For family historians, a single misread word can be catastrophic. Faded parish registers and hurriedly scribbled 18th-century wills routinely conceal surnames, locations, and crucial dates beneath layers of age and haste. Misreading “Moor” as “Moon” is all it takes. The result is an incompatible branch grafted silently onto a family tree, and you may not catch it for years. Who hasn’t seen errors perpetuated in online trees?
AI models have made significant strides in transcription accuracy, yet still average a handful of errors per page. These mistakes are rarely wild inventions, more often plausible-looking errors that don’t raise alarms. That’s what makes them so dangerous.

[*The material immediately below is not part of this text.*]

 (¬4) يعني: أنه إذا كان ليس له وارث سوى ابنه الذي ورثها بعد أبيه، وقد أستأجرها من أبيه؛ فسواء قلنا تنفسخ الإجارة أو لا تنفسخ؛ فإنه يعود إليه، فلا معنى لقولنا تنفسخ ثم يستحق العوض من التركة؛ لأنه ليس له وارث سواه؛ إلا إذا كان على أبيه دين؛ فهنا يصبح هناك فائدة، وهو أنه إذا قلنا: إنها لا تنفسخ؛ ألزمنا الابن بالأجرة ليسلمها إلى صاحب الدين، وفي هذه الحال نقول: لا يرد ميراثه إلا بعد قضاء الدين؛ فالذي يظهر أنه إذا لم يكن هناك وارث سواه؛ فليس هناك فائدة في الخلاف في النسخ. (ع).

Canadian historian Mark Humphries tackles this problem in his blog post, When Models Disagree…Transcription Accuracy Improves Significantly (subscribe to read). The approach is to pass a document through three distinct AI model families, such as Gemini, Claude, and GPT, then overlay the outputs. Where the models diverge, the system flags a potential error. Each model family has its own architectural blind spots, and disagreement between them is a reliable signal that something deserves a closer look. Cross-model consensus catches roughly three-quarters of all transcription errors. That pushes accuracy close to that of a skilled palaeographer and reduces manual review to only the most problematic passages.

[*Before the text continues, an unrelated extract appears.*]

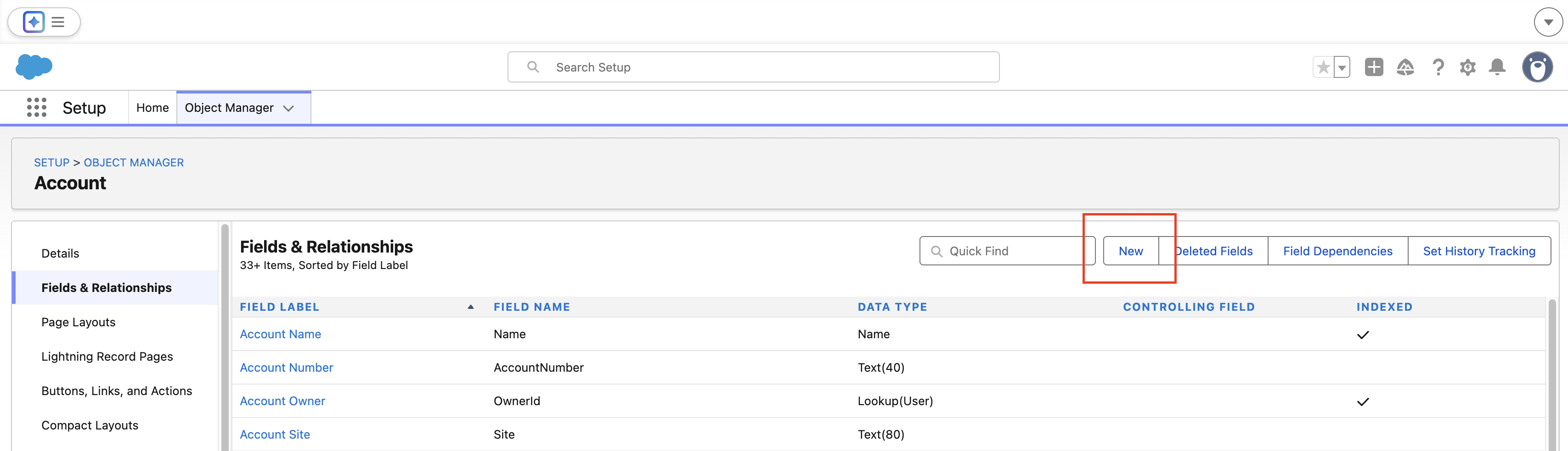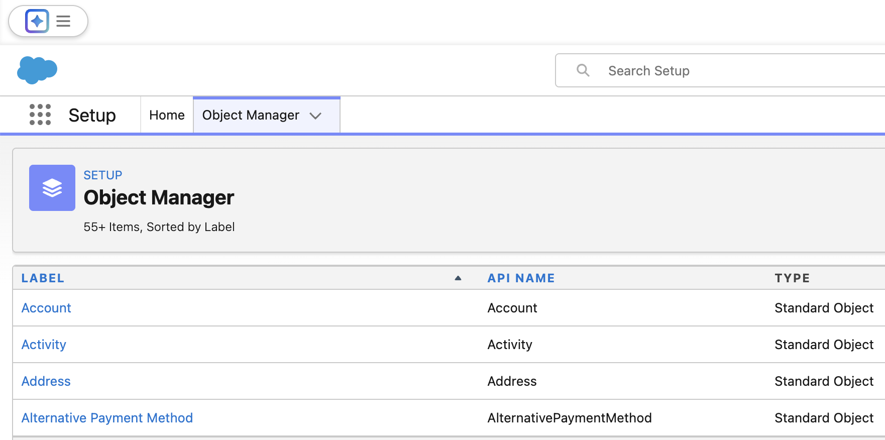 Go to Setup → Object Manager → Select your object (e.g., Account, Opportunity)

Humphries outlines a fully automated process, but you don’t need that for a single knotty problem. There’s a simpler, poor man’s version. Feed the paragraph, or better yet, the full page to preserve context, through three or more AI models and compare what comes back. If that sounds tedious, hand the comparison itself to an AI. It takes minutes. The discrepancies it surfaces are where your attention should go.